EnterpriseDB / barman

Barman - Backup and Recovery Manager for PostgreSQL
https://www.pgbarman.org/
GNU General Public License v3.0
2.07k stars 191 forks source link

barman-cloud-backup to Azure Blob Storage hangs, seemingly at the end #923

Closed aujasm1 closed 5 months ago

aujasm1 commented 5 months ago

Hi Folks, I'm running:

Ubuntu 20.04 + barman-cli-cloud 3.10 + pg 13 and attempting to backup a relatively small <200mb DB to Azure Blob storage.

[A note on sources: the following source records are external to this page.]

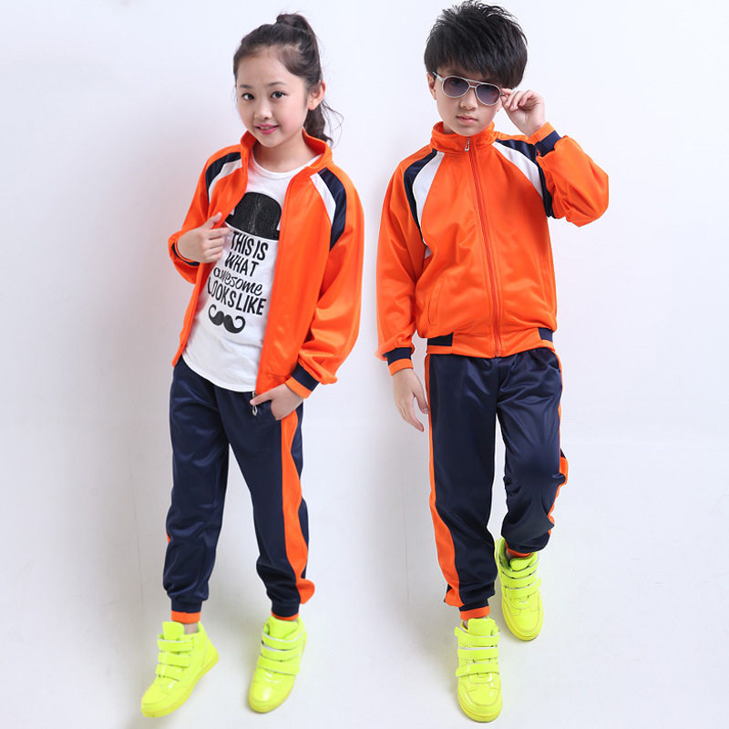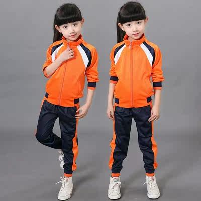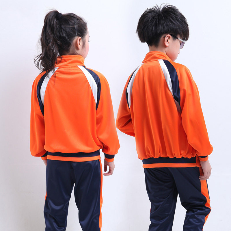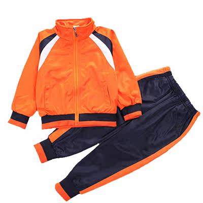 小学生班服幼儿园园服春季校服橙色金光绒纯棉条纹男女童运动套装
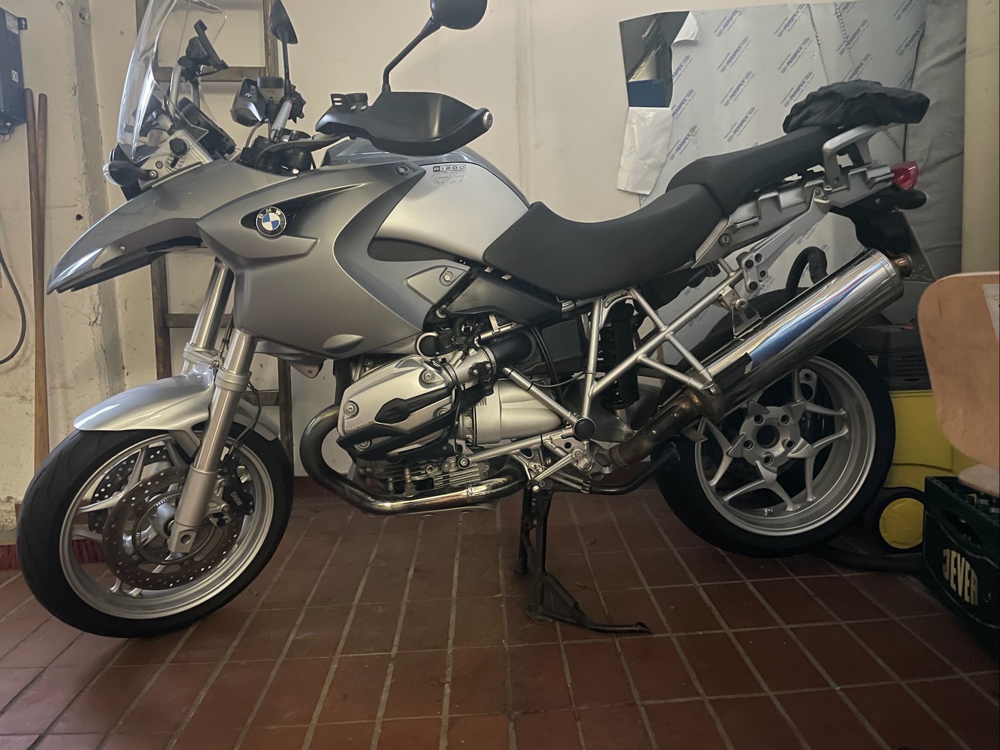 Ich habe von einem Kollegen einen Rädersatz von einer R1200R bekommen, die er vorher auf seiner 2006er GS montiert hatte. Den Umbau hat er so auch vom TÜV eingetragen bekommen, will nun jedoch auf einen anderen Felgensatz umsteigen. Da bei ihm alles geklappt hat, habe ich die Räder auf meiner 2007er GS K25 (ursprünglich Speichenfelgen) montiert. Kürzere Radbolzen wurden verbaut, sowie der geänderte vordere Kotflügel. Es kam der Winter, während der Winterpause habe ich die Speichenfelgen verkauft, nach der Winterpause will ich zum TÜV und stelle fest, dass die ABS Leuchte aktiv ist und der Tacho mir doppelte Geschwindigkeit anzeigt. Mit der Situation überfordert wende ich mich an meinen Freundlichen. Dieser wechselt mir netterweise den Drehzahlsensor, macht das Getriebeöl neu und tauscht einen Faltenbalg für 300 EUR. Das Problem mit dem Tacho hat er nicht in den Griff bekommen, dieser zeigt nun bis 30km/h korrekt an und steigt dann komplett aus. Der Drehzahlmesser läuft weiterhin einwandfrei. Vielen Dank für den Service. Ich habe mir jetzt, da ich Ende des Monats (03/2022) durch Portugal touren will und das Mopped in Kürze von der Spedition abgeholt wird, einen originalen Gussräder - Satz besorgt und montiert, in der Hoffnung, dass nun mit 19 Zoll vorne und 17 Zoll hinten und original Bereifung alles wieder funzt. Leider Fehlanzeige. Immer noch kein ABS und keine Geschwindigkeitsanzeige - aber immerhin wieder mit Betriebserlaubnis unterwegs.
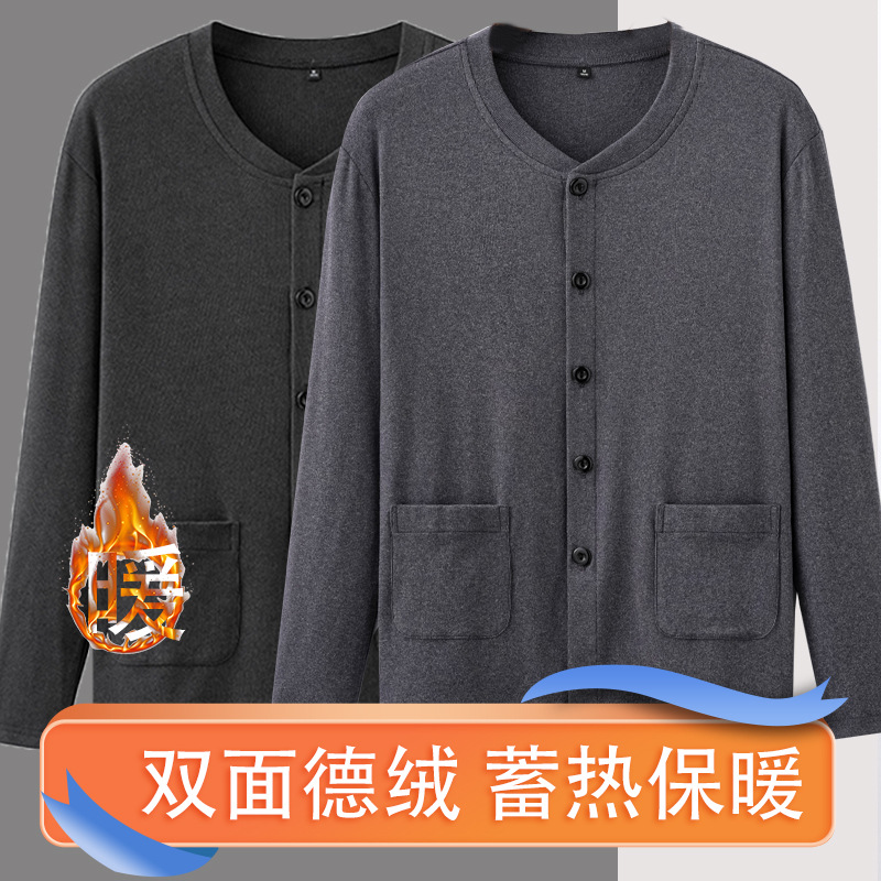 中高年カーディガン長袖男tシャツ徳絨毛秋冬発熱繊維男性シャツ保温秋装上着秋
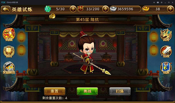 问鼎中原,英雄试炼:玩家可以在问鼎中原中获取大量的资源,有武将进阶升星材料,有武将升星药水以及大量的功勋。通关三星之后,每日扫荡即可,上线必做。其中的领地讨伐,有实力的每天都可以试一试,只要通关就会有大量奖励,通关后可以用武将巡逻,获得武将信物,不过需要花费一定的精力和大量的时间巡逻。英雄试炼中,玩家每日可攻打,不限次数,越往后面越难,需要玩家强化实力然后继续攻打,层数越高,获得的奖励就越多。实在过不去的就重置关卡扫荡,重新得到相应的奖励,每天5次,0点刷新,玩家千万别忘记重置扫荡关卡。
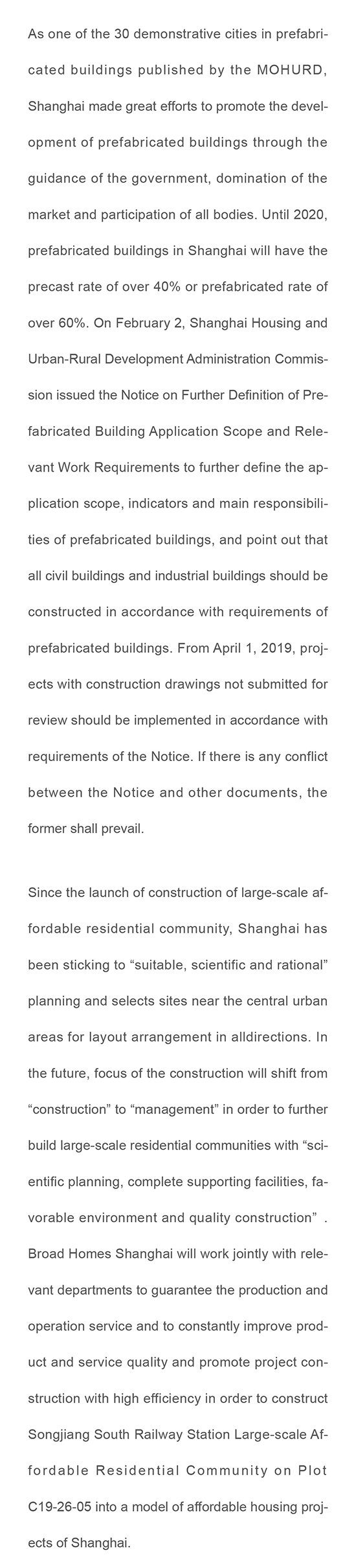 Broad Homes Shanghai Constructed Another Demonstrative Affordable Housing Project Songjiang South Railway Station Large-Scale Residential Community Project on Plot C19-26-05 to be Capped in August
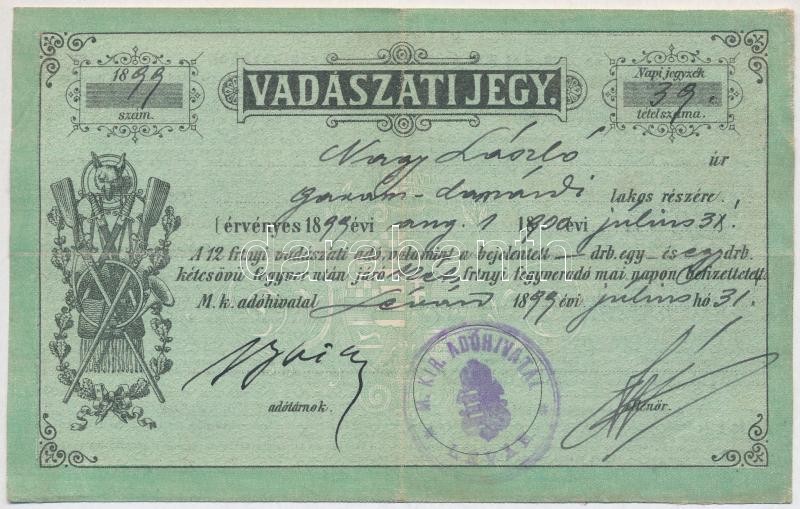1899 Vadászati jegy szép állapotban https://www.darabanth.com/hu/291-Gyorsarveres/291.0/Festmeny-mutargy-papirregiseg-egyeb/Okmanyok~18/1899-Vadaszati-jegy-szep-allapotban~II1540163
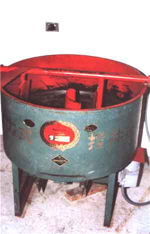 After all the ingredients of a moist feed have been added and mixed it is (if the formulation is accurate) normally necessary to add some water to adjust the consistency to that which will extrude satisfactorily. The proper consistency is checked in the same way as was explained in section 5.4.2. Be careful not to add too much water at first; if the quantity added proves to be too little you can easily add more. If the same formula is always being made and the same batches of ingredients are being used, it becomes possible to quantify the amount of water to be added, speeding up the operation. However, it is not possible to do this when the ingredient source and the type of feed being made is frequently altered. As to Judging whether enough water has been added to provide the correct consistency for extrusion through the mincer, there is no good substitute for the test suggested in section 5.4.2. This consists of squeezing the material in your hand (much as you might hand-test damp soil to assess its clay content when selecting sites for ponds) to see whether a 'sausage' of dough can be extruded between the thumb and the first finger which is neither too runny nor too crumbly.
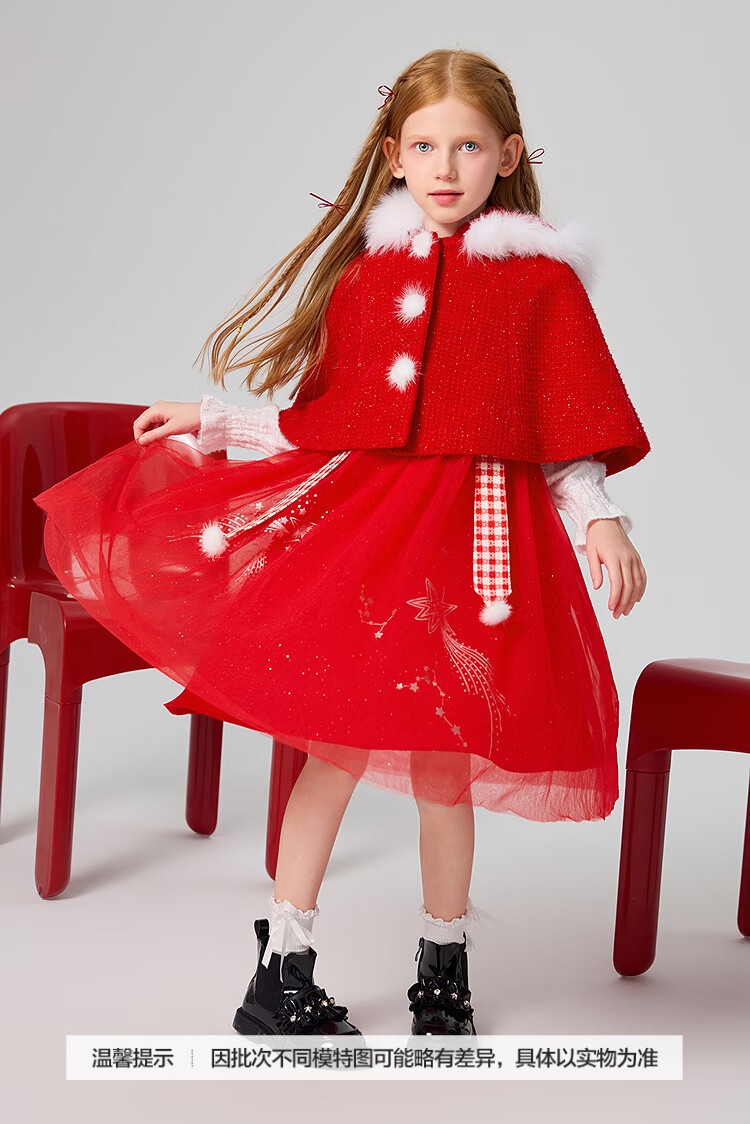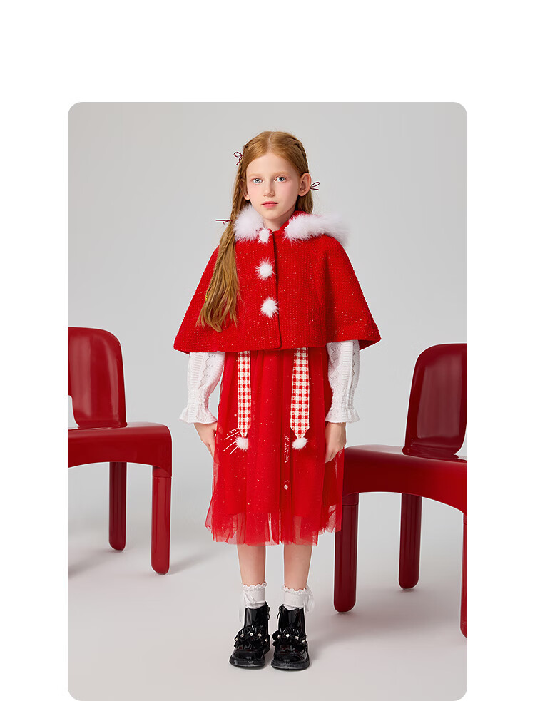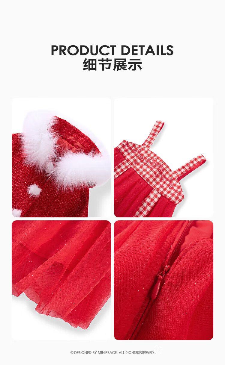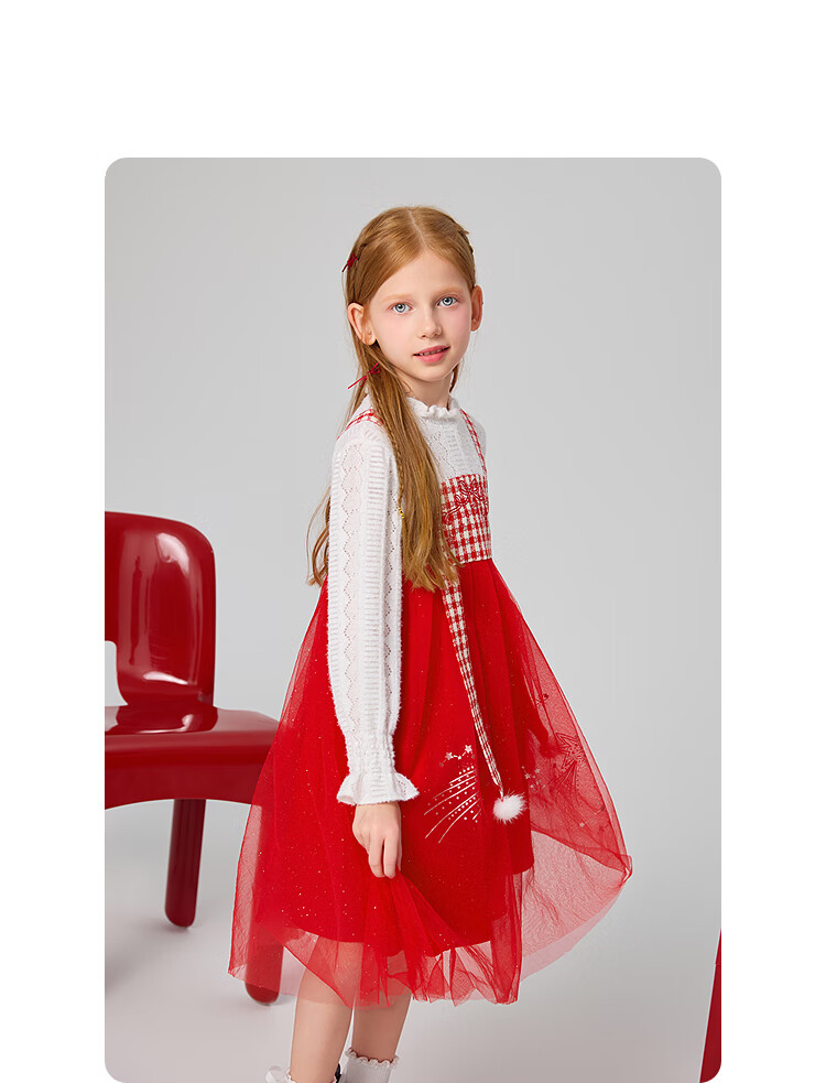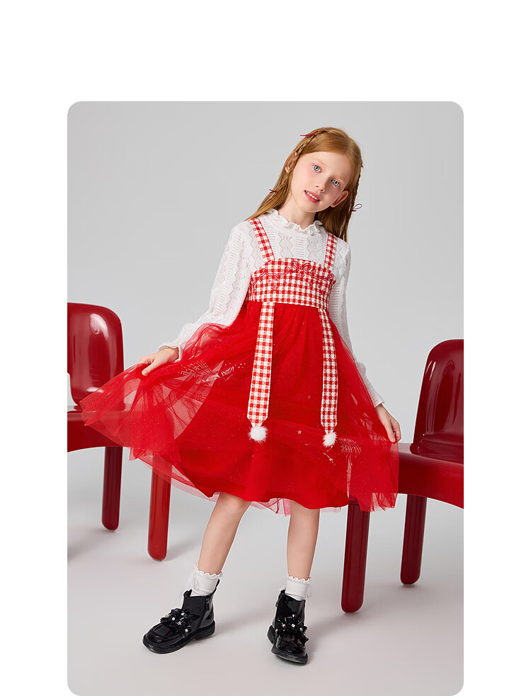 MiniPeace Children's Clothing Spring New Girls Dress F2FAF1190 Chinese Red 130

I've successfully run 2 backups already with the same command but I can't seem to get any more to run successfully. Full disclosure......I used pgbench to inject data (to generate WALs) between backup 2 and 3 - so the DB grew a little, but not much really. Here's the command I've been running:

barman-cloud-backup -vv --immediate-checkpoint --cloud-provider=azure-blob-storage https://debackupsdevauseast.blob.core.windows.net/devops1 devops1

The debug output reveals: ManagedIdentityCredential.get_token succeeded Starting backup '20240415T115850'- Uploading 'devops1/base/20240415T115850/data.tar', part '1' (worker 0) It then appears to successfully process requests to upload files and folders via parts 2 through 80 where it then fails consistently at part 81 (which I'm starting to think is the end of the backup?).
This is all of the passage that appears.